• [RECORD EXCERPTS]
..........

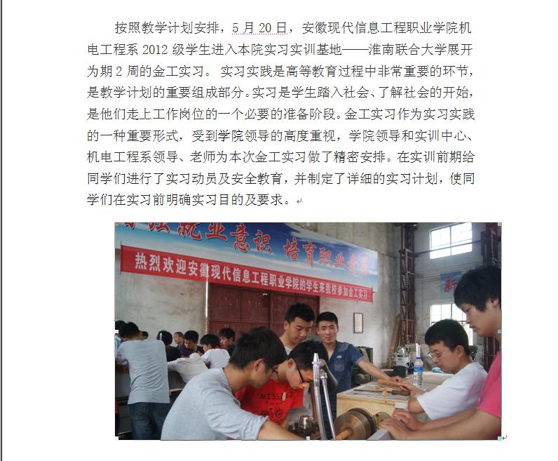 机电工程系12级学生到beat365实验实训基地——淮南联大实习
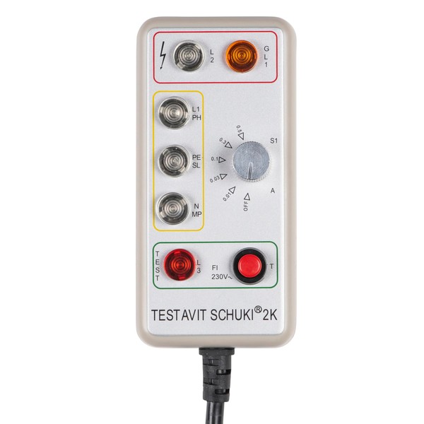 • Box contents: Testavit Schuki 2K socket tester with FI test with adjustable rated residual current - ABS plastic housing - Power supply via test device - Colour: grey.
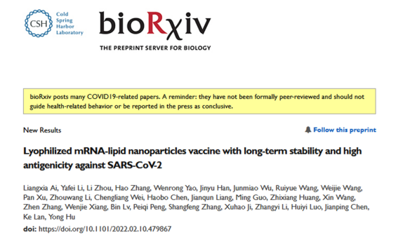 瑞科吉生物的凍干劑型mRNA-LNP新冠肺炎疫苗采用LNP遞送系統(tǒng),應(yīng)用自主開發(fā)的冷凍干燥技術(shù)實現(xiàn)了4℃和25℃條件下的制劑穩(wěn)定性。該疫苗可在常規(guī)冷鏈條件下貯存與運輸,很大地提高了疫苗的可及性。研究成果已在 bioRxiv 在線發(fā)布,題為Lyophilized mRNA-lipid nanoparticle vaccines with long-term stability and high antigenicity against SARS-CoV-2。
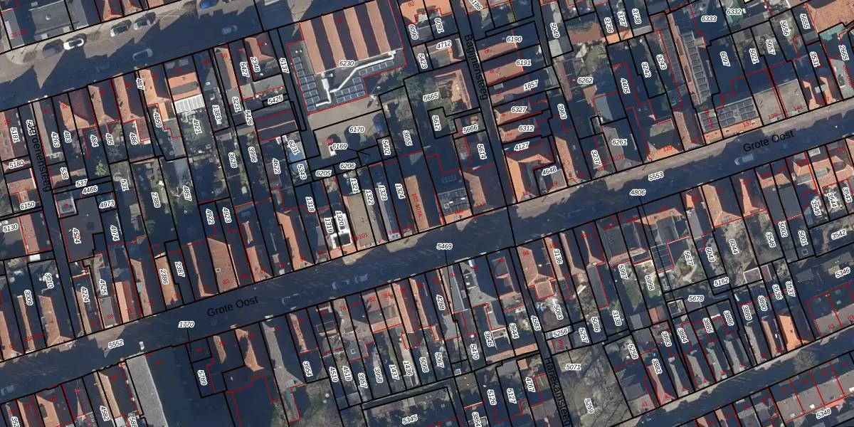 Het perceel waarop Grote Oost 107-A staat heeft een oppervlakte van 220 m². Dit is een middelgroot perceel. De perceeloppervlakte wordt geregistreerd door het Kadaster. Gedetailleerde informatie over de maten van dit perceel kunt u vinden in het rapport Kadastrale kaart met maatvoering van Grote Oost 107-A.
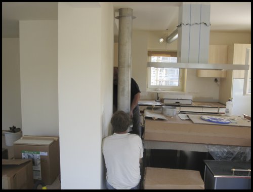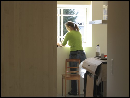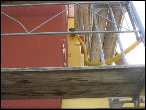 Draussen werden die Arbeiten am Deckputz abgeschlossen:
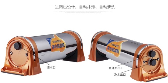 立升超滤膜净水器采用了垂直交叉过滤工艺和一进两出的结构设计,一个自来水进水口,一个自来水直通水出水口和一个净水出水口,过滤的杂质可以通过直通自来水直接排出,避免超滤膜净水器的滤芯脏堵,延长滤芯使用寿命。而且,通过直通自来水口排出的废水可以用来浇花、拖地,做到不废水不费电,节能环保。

..........

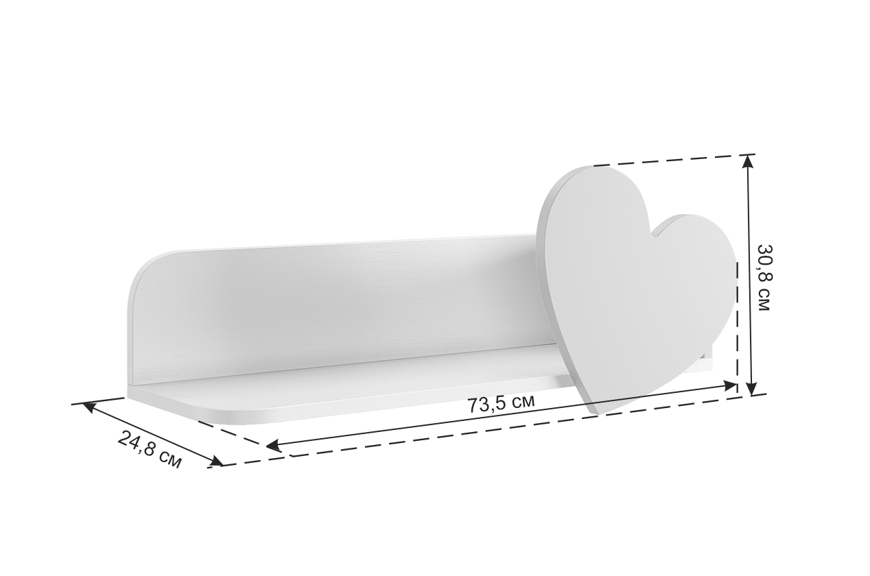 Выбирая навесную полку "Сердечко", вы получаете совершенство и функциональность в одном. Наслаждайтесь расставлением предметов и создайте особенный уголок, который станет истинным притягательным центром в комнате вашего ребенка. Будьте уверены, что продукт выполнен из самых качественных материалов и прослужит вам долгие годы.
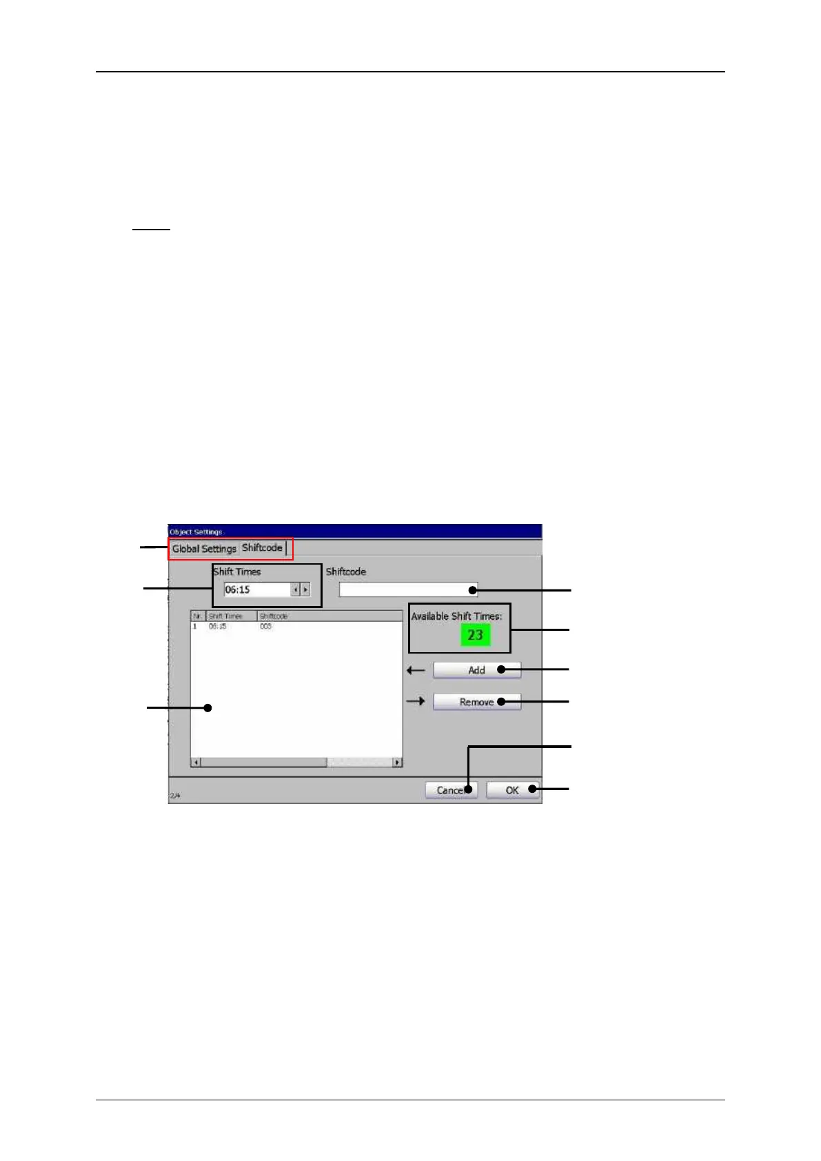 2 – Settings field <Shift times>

..........

• [AIM OF THE TASK] Everything from the line with "机电工程系12级学生到beat365实验实训基地——淮南联大实习" down to the line with "- Colour: grey." in the data above should be copied exactly, with both end lines kept and the pictures left out.

• [ANSWER FOR THE TASK]
 机电工程系12级学生到beat365实验实训基地——淮南联大实习
 • Box contents: Testavit Schuki 2K socket tester with FI test with adjustable rated residual current - ABS plastic housing - Power supply via test device - Colour: grey.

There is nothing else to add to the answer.